Saturday’s Theme Music

Welcome to Saturday, September 4, 2021. Here in Ashland, smoke veils a cloudy spread. We’ll probably see 80 F in our area. The sun arose at 6:39 AM. Pearlescent hues on the cats and walls. Sun fade will be at 7:40 PM. The window of daily sunshine is closing.

After a week of noisy news, my soul seems spent. People are enduring some hard times in the U.S. from coast to coast, Canada to Mexico. Fires and flooding, hurricanes and tornados. Lies and more lies. And, yeah, COVID-19. People who otherwise fasten their seat belts, go through security with shoes off, without water, passing through metal detectors, who otherwise agree that public safety and security are important now can’t wear a mask. Others remain vaccine hesitant. They have their reasons, we’re told, and shouldn’t be mean to them. Meanwhile, others still find time to be racist and cruel. Murders and abuse continue.
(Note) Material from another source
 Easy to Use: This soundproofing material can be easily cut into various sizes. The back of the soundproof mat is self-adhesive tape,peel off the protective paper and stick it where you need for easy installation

I sort of chuckle, though. I’m reading HIlary Mantel. The Mirror and the Light. About Thomas Cromwell and that period. England. Henry VIII. Anne Bolyn’s beheading. Henry’s other wives. Conflict with the Pope. Empires and kingdoms. Dukes and ladies. The church and the state. Wars. Among it all, the poor, the starving, the diseased. We are better off now. I think where my disappointment builds is that we could be so much better. We should be so much better. Guess I watched too much Star Trek as a child.

Muse filled my mental music stream with “Uprising” from 2009. Specific lyrics.
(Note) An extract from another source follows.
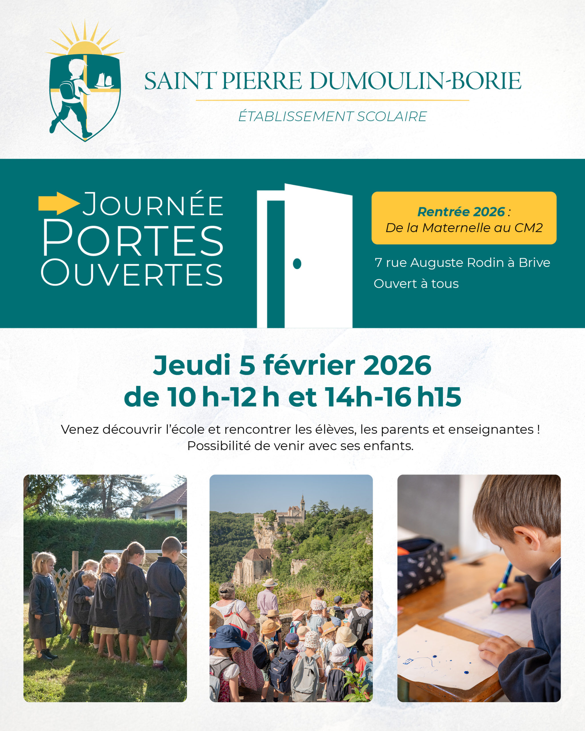 L’établissement Saint-Pierre Dumoulin-Borie est un établissement scolaire catholique, indépendant, implanté à Brive-la-Gaillarde (Corrèze). Nous avons a fait le choix d’être un établissement libre, dans l’objectif de donner un enseignement et une formation chrétienne solides pour éveiller le cœur et l’intelligence à la lumière de la foi catholique.

Another promise, another seed
Another packaged lie to keep us trapped in greed
And all the green belts wrapped around our minds
And endless red tape to keep the truth confined
(So come on)

[Chorus]
They will not force us
They will stop degrading us
They will not control us
We will be victorious

h/t to Genius.com

Anyway. Test negative. Stay positive. Wear a mask as needed. Get the vax. Please. Here’s the music. Enjoy your day. I’m gonna enjoy my coffee. Cheers

Thursday’s Theme Music

September flourishes. Not. Yet, maybe. I feel like a pet chasing the little red dot as I pursue time and life. Damn if it isn’t quite elusive.

Today is Thursday, September 2, 2021. Sunshine began its warming, illuminating trend, red, gold, and orange through thin gray smoke, at 6:37 AM. The sun’s flight away, if like yesterday, will be a dirty peach at around 7:43 PM. The cooling trend given us by the seasons changing continues. High yesterday was only seventy-nine in my niche of existence. Today should be just 80 F. The cooler weather brings the cats in. That pleases me. I don’t like them being in the smoke. They have their own minds about where they go and what they do, though. They know how to floofnipulate me.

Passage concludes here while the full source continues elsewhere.